> Stored data entries:

- - -

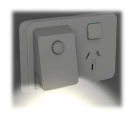
Soft Start LED light
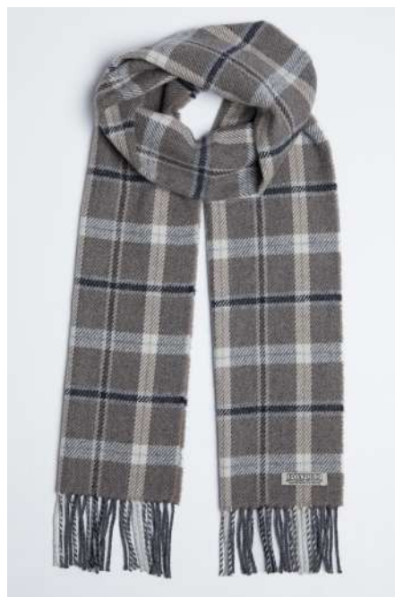
GREY & MINK CHECK SCARF 4392/B2
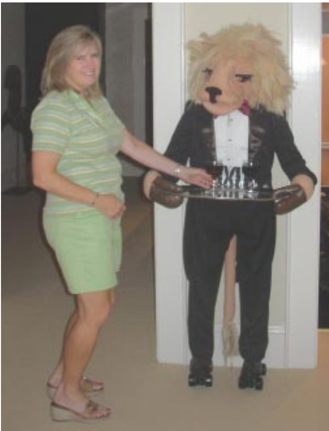
Our Accommodating Staff
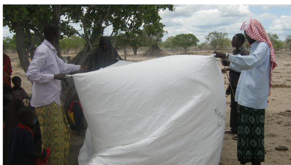
Figure 1 The Dumuria LLIN. A Dumuria net being displayed in the field.

In September 2011, a total of 13,922 Dumuria nets were distributed to 8,511 nomadic households in Garissa county, providing an average coverage rate of 1.64 nets
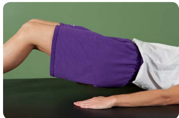
Double leg bridges
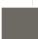
Umbra Grey RAL 7022
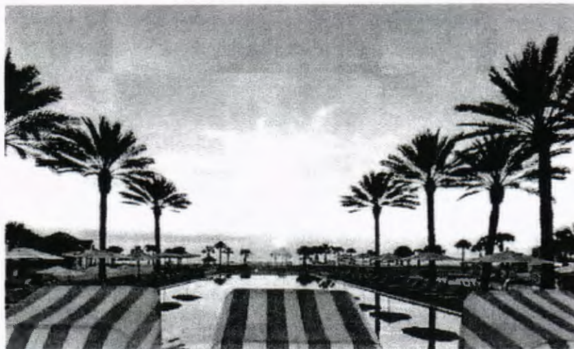
Omni Amelia Island Resort

While the lineup of impressive chefs and their unforgettable dishes were no doubt the stars of the show, the breathtakingly beautiful Omni Amelia Island Resort couldn't help but shine in its own spotlight.
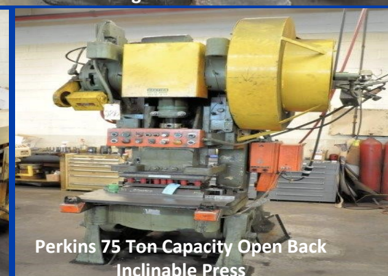
Perkins 75 Ton Capacity Open Back Inclined Press
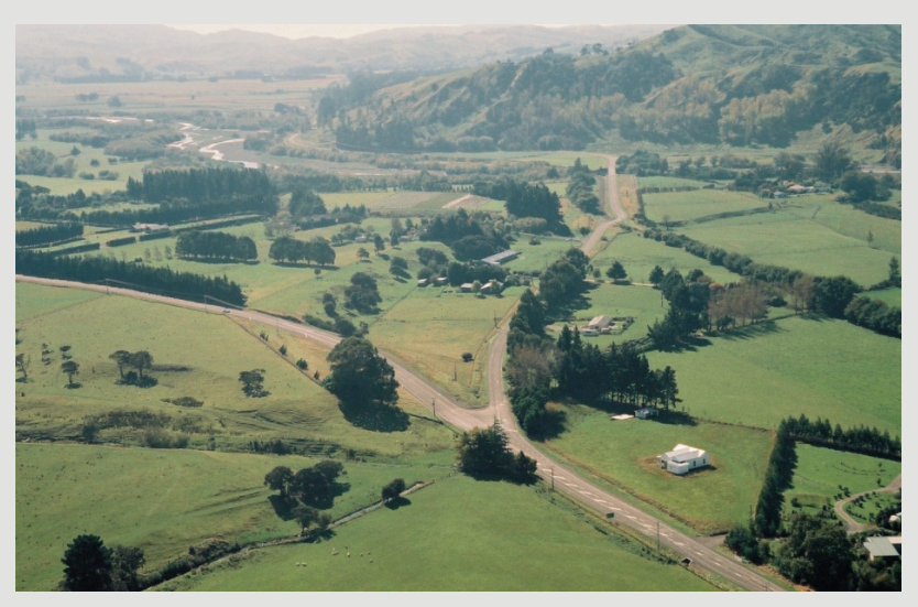
Mokonui at the intersection of State Highway 2 and Opaki Kaiparoro Road with Tirohanga maunga top right and the Kopuaranga Valley in the distance.

Mokonui is the rise on the corner of State Highway 2 and the Opaki – Kaiparoro Road (Mauriceville turnoff) intersection about 8 kilometres north of Masterton. The Opaki plains end at the bottom of the rise and the Whakauma plain begins at the top, it is here that Te Tapere Nui o Whatonga began. There was a papakainga called Mauku Rangi above the intersection and a 17th century one called Mokonui further south near Wingate Road.

- - -

> Exercise requirements: In the transcription, every picture is to be excluded and the records above given again exactly.

> Task solution:
Soft Start LED light
GREY & MINK CHECK SCARF 4392/B2
Our Accommodating Staff
Figure 1 The Dumuria LLIN. A Dumuria net being displayed in the field.

In September 2011, a total of 13,922 Dumuria nets were distributed to 8,511 nomadic households in Garissa county, providing an average coverage rate of 1.64 nets
Double leg bridges
Umbra Grey RAL 7022
Omni Amelia Island Resort

While the lineup of impressive chefs and their unforgettable dishes were no doubt the stars of the show, the breathtakingly beautiful Omni Amelia Island Resort couldn't help but shine in its own spotlight.
Perkins 75 Ton Capacity Open Back Inclined Press
Mokonui at the intersection of State Highway 2 and Opaki Kaiparoro Road with Tirohanga maunga top right and the Kopuaranga Valley in the distance.

Mokonui is the rise on the corner of State Highway 2 and the Opaki – Kaiparoro Road (Mauriceville turnoff) intersection about 8 kilometres north of Masterton. The Opaki plains end at the bottom of the rise and the Whakauma plain begins at the top, it is here that Te Tapere Nui o Whatonga began. There was a papakainga called Mauku Rangi above the intersection and a 17th century one called Mokonui further south near Wingate Road.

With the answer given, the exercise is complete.